Lobbying Firms Say They’re Not Getting Fair Shake at U.S. Virus Loans

(Bloomberg) -- Political consulting and lobbying firms say the Trump administration isn’t making sense about why they’ve been deemed ineligible for coronavirus rescue money.

Lobbying and consulting firms are entitled to Paycheck Protection Program loans administered by the Small Business Administration because the money will be paid back and therefore isn’t a subsidy of political views that’s barred by the agency’s regulations, the American Association of Political Consultants said in a filing Monday in the lawsuit it filed last week.

The group accused the government of calling the loan a subsidy so it could “turn its back on certain businesses during one of this nation’s worst economic disasters.”
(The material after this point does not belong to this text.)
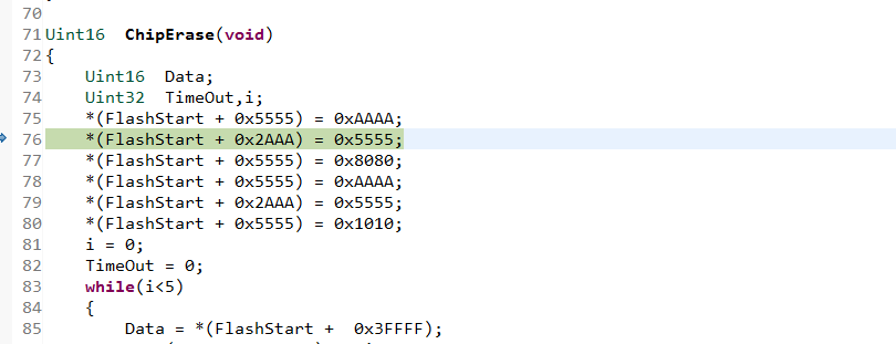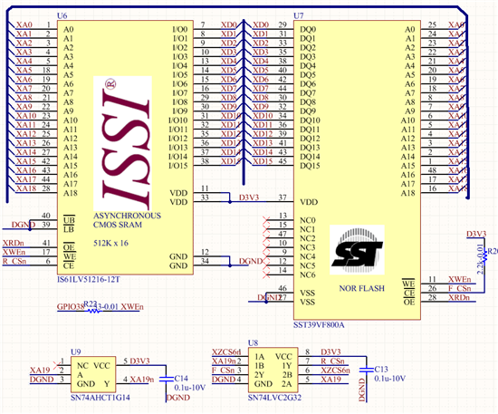 对28335的进行外部flash和SRAM扩展,程序执行到76行就停了,这是因为什么原因?是因为控制线和数据线,地址线设计的有问题?

“If the PPP walks like a loan, talks like a loan, and is described by its creators and administrators as a loan, then the PPP can only be a loan,” the trade group said in the filing in Washington federal court.

The suit was filed before the $349 billion Paycheck Protection Program program was exhausted, though Republicans and Democrats were in talks over the weekend to replenish the fund as the economic crisis caused by the pandemic continues to wreak havoc on small businesses.

The U.S. characterized the lawsuit as a challenge to a 25-year-old regulation that bars loans from the the Small Business Administration to businesses that are primarily engaged in politics or lobbying. It called the loans “a form of government subsidy” to encourage banks to loan to small businesses.

“The rule reflects the view, long held among state and federal governments, that government should avoid entanglement with and even the appearance of favoritism in the realms of politics and lobbying,” the U.S. said in an April 17 filing.